● **EXERCISE**
Restate, word for word and with no pictures, the stretch of lines in the data below that begins at the line with "Organzatæppe med valance" and ends at the line with "1.海城市琳麗礦業(yè)有", inclusive.
Top of PROVIDED INFORMATION
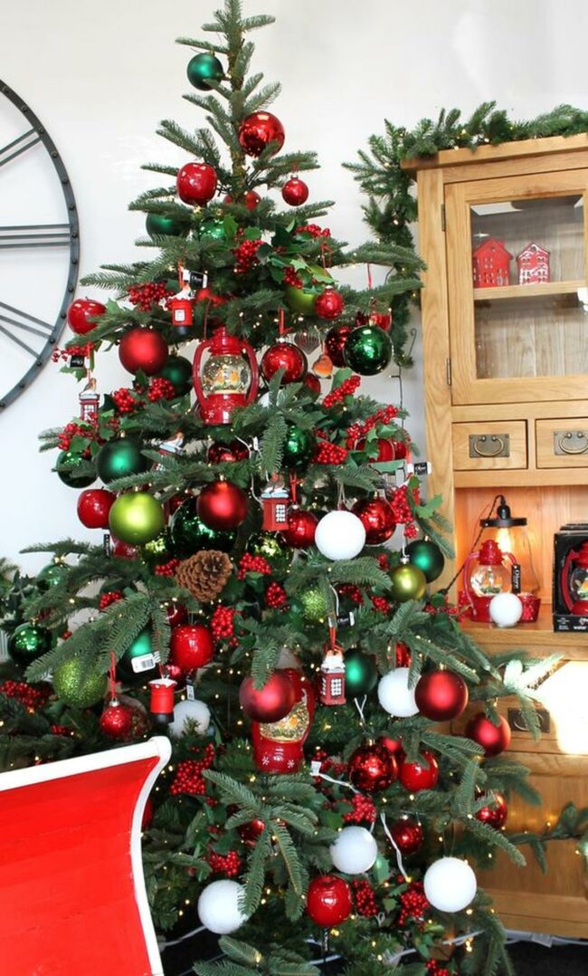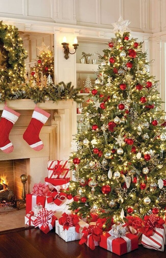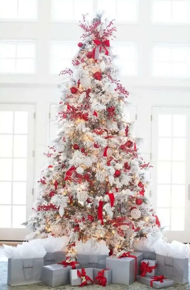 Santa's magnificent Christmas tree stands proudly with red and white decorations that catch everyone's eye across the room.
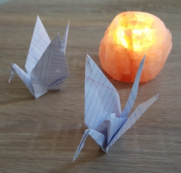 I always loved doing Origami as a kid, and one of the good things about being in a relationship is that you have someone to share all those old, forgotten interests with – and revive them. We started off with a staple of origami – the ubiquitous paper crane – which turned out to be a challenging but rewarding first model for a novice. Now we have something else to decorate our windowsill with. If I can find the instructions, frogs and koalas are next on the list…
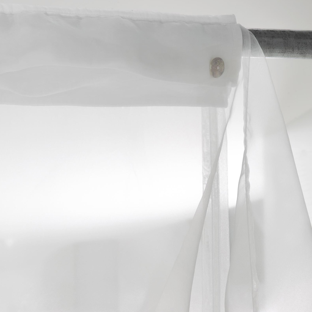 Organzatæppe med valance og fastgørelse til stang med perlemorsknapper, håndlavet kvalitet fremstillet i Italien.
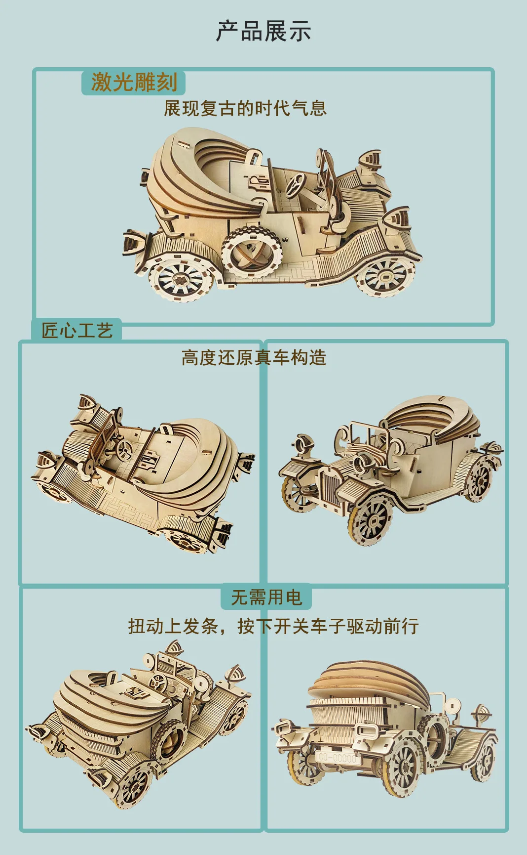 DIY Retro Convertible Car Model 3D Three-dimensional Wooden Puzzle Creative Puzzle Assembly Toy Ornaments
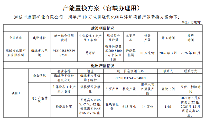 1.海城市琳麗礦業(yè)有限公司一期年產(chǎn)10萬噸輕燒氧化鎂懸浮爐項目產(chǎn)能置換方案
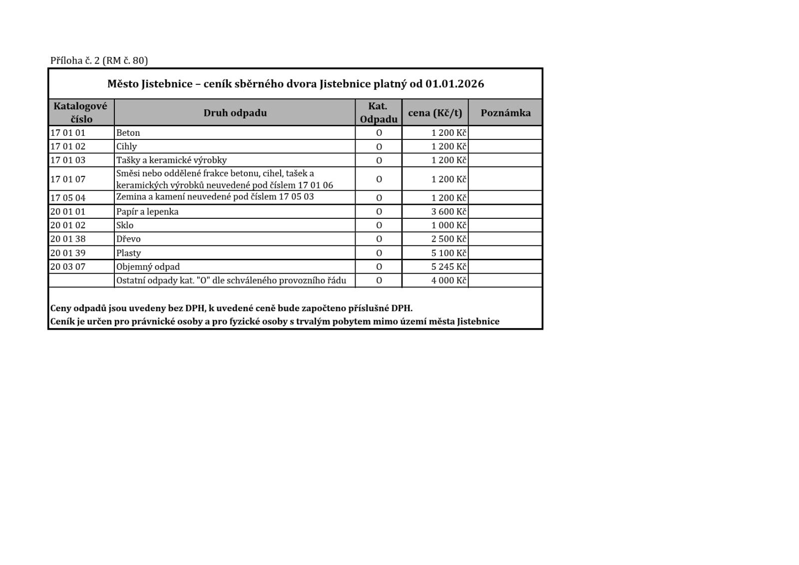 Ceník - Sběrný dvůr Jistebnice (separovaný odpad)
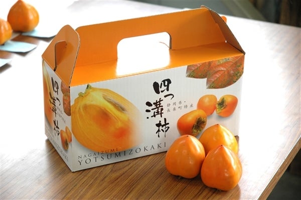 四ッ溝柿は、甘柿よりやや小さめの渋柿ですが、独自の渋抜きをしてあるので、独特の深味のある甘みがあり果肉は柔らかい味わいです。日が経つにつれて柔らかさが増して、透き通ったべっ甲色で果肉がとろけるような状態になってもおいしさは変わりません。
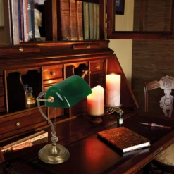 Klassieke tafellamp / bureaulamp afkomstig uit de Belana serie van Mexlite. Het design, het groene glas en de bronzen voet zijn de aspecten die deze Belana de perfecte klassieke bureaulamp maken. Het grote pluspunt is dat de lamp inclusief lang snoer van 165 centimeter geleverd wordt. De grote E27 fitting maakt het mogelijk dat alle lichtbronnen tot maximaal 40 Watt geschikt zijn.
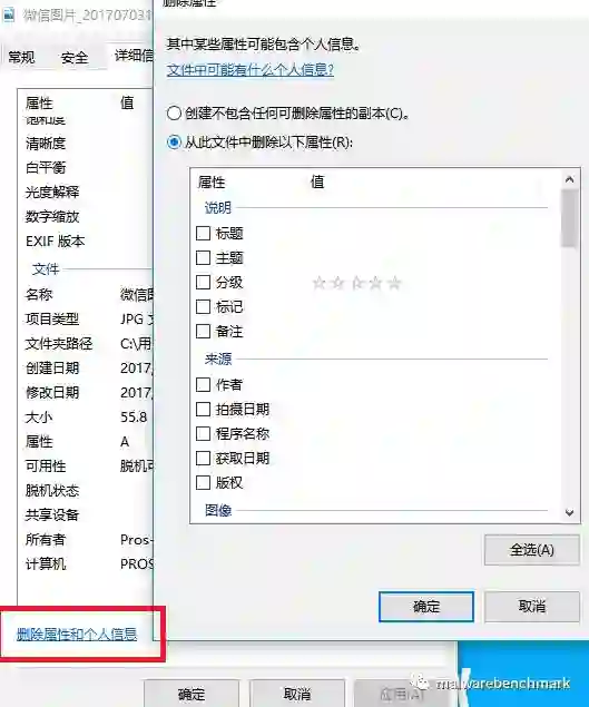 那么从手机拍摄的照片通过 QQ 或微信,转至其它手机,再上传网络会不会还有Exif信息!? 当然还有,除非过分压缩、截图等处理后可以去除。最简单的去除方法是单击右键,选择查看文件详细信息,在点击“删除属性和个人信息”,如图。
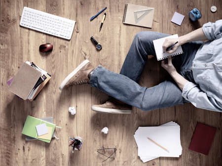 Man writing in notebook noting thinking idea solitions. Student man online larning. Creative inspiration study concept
Bottom of PROVIDED INFORMATION
● **FINISHED TASK**
 Organzatæppe med valance og fastgørelse til stang med perlemorsknapper, håndlavet kvalitet fremstillet i Italien.
 DIY Retro Convertible Car Model 3D Three-dimensional Wooden Puzzle Creative Puzzle Assembly Toy Ornaments
 1.海城市琳麗礦業(yè)有限公司一期年產(chǎn)10萬噸輕燒氧化鎂懸浮爐項目產(chǎn)能置換方案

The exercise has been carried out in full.